LeClaire voted "no" on Initiative 1183 to privatize Washington's liquor business, not because he wanted to keep the state stores open or because he sympathized with the union workers who'll be laid off, but because he didn't like Costco's "clear the deck" approach, which he fears will "decimate the little guys." 

As owner of the only freestanding wine shop in Washington to meet I=1183's minimum size of 10,000-square ft for liquor sales, LeClaire certainly isn't going to turn away from the opportunity to sell spirits. He intends to sell far more than the "Top 100" brands, especially in categories like Scotch, Tequila and Sherry. He'll showcase the Northwest's increasingly ambitious micro-distilleries. He'll continue to have partnerships with outside event planners, and hold tastings and host private events at Wine World. But he's deeply worried about the effects of privatization on smaller wine shops in small towns around the state. "What's going to happen to the independent wine shops in Hoquiam or Montesano once the Wal-Mart in Aberdeen starts selling liquor?" he asks. It's an ethic you don't see very often.

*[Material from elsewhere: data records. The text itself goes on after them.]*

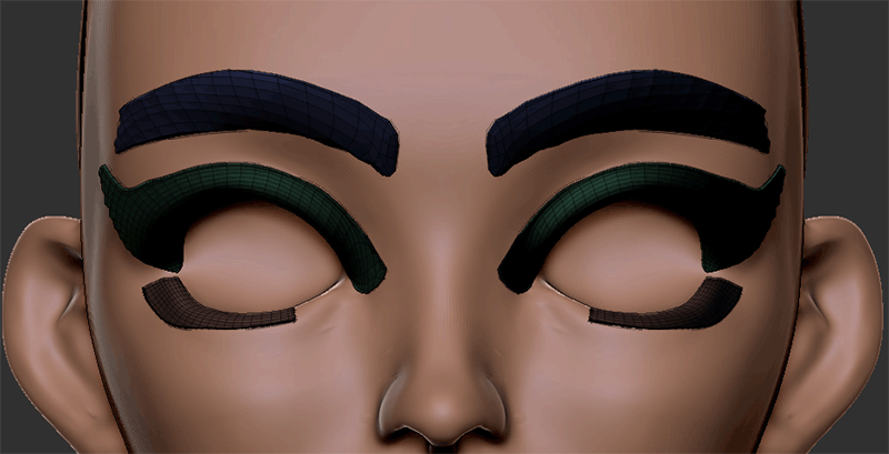 ZRemesherでリメッシュを行い、マスクを使って眉毛や睫毛のベースメッシュを作成していきます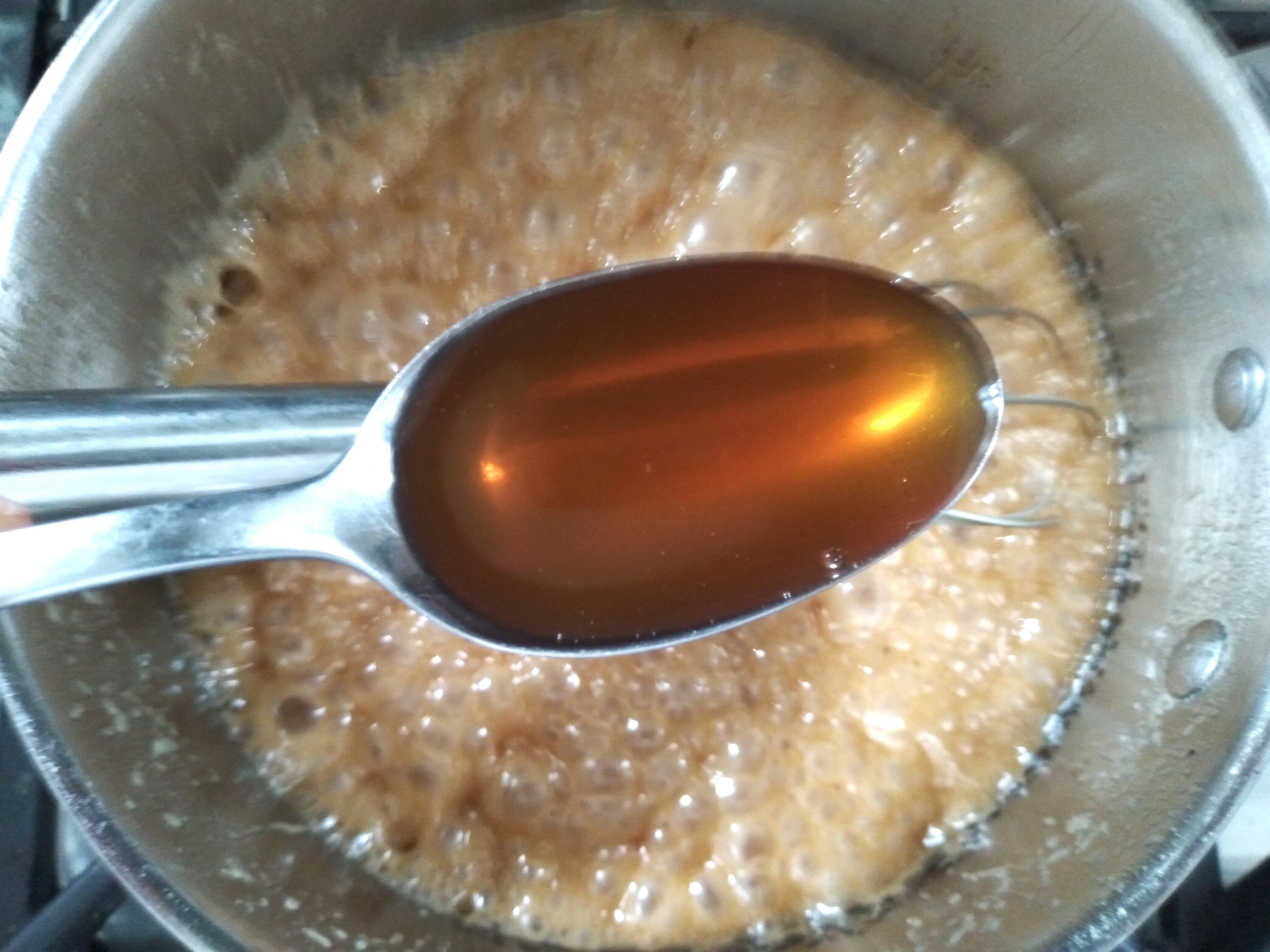 11. Once the caramel has simmered, remove the pan from the heat and stir in the vanilla essence.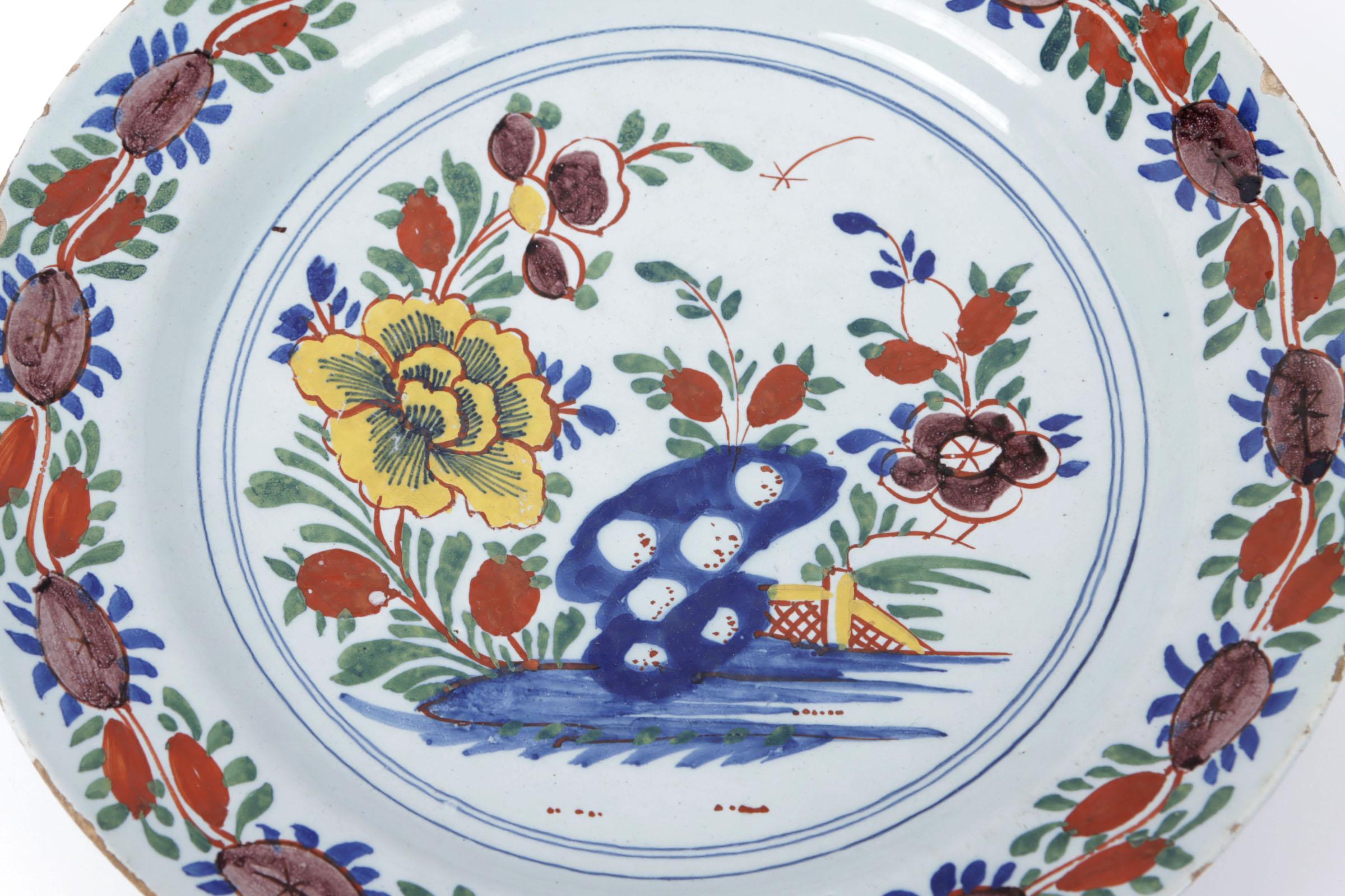 Antieke aardewerken schotel met florale motieven, diam.31 cm.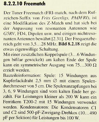 (Freematch line matching unit gepubliceerd in RSGB's RadCom 1989 july en Rothammel's Antennenbuch)
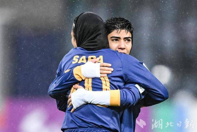 11月17日下午,巴姆卡通女足(伊朗)隊員哈穆迪罰進點球後與隊友擁抱慶祝。(湖北日報全媒記者任勇攝)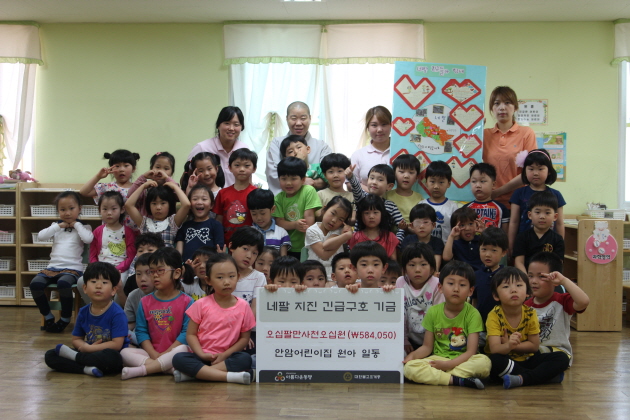 5월 22일 안암어린이집(원장 혜도스님)에서 40여명의 원생들이 모은 네팔 지진 피해기금 오십팔만사천오십원을 공익기부재단 아름다운동행(이사장 자승스님)에 전달했다.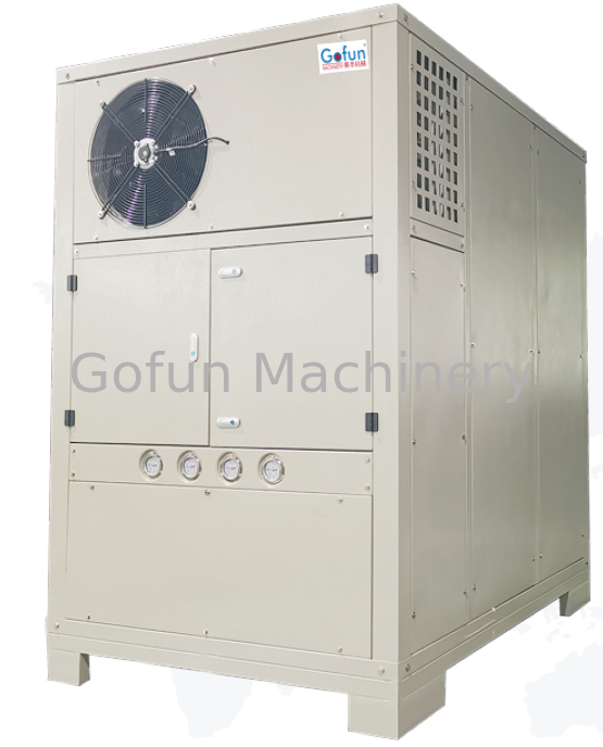 The drying room’s inside humid hot air will be send to the units return air pipe and flow into the unit through the negative pressure circulating fan; Through the high temperature side of the heat exchanger (heat release), First time to lower the air temperature and to increase the relative humidity rate for the unit cubic water; Then the air temperature will be lowered in Second time through the surface cooler. At that time, the relative humidity rate of the air already close to its own dew point temperature. Then Pass the evaporator to lower the temperature thirdly and To realize condensation and dehumidification after dehumidification,The moisture will be discharged from the water tank and drain pipe which are on the bottom of the evaporator.At this time, the circulating air becomes into a kind of low-temperature drying type cold air because of the condensation and the Relative humidity is reduced.Pass the air hose and back to the low temperature side(heat absorption) of the Full-effect heat exchanger.Then the high temperate and lower temperate exchange the heat.Makes the low-temperature cold air be heated first time and reduce the air relative humidity(heat recovery)Again pass though the condenser.To increase the air temperature and reduce the air relative humidity. Make it reach the temperature for dryer room use and form into the hot dryed air .Then be extracted by the Centrifugal fan and send into the dryer room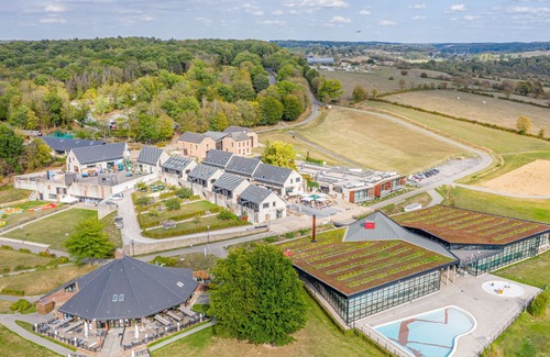 On the north shore of Lac du Valjoly, the residence is made up of 180 accommodations divided into semi-detached cottages or hamlets of semi-detached single-storey timber-framed cottages residence, surrounded by trees and meadows. Outside the resort, 3 km from the centre of Eppe Sauvage. In the complex: reception, internet access, washing machine, tumble dryer (for shared use, extra). Parking. Grocery, restaurant 500 m. Hiking paths: Parc Naturel Régional de l'Avesnois. Please note: car recommended. The photograph shows a typical example. Additional accommodations can be booked. Free access to the indoor aquatic center with wave pool, rapid river, waterfalls, massage jets.... Relaxation area, activities to be paid on site: sauna, hammam, nautical base, equestrian centre, mountain biking. Satellite TV (extra). TV rental 35 euros/week. Free Wi-Fi at reception.
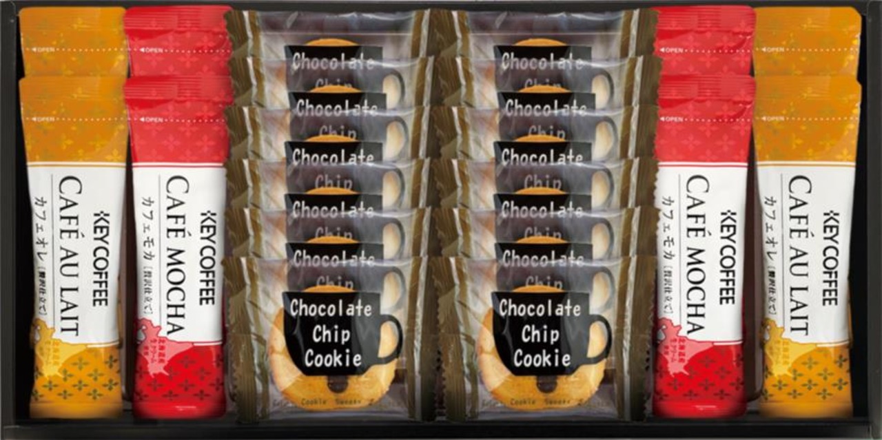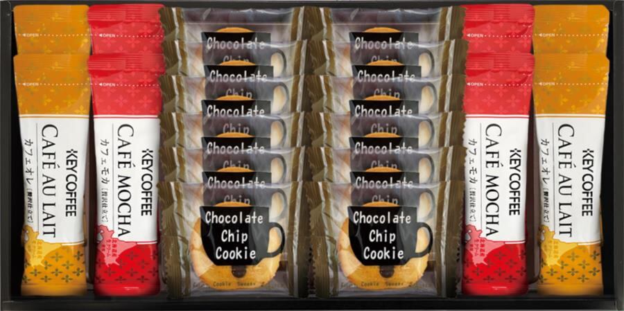 商品内容:チョコチップクッキー×12、キーコーヒーカフェオレスティック7g×4、キーコーヒーカフェモカスティック7.8g×4

Before the November election, LeClaire was warning of "changes buried in this initiative [that] will crush or at the very least severely impact small wine wineries, small wine stores, and small grocery stores." The voters, though, were so anxious to get government out of the liquor business that they approved I-1183. "We are going to benefit handsomely," LeClaire admits, "but a no vote would have been in the long-term best interest of the entire community."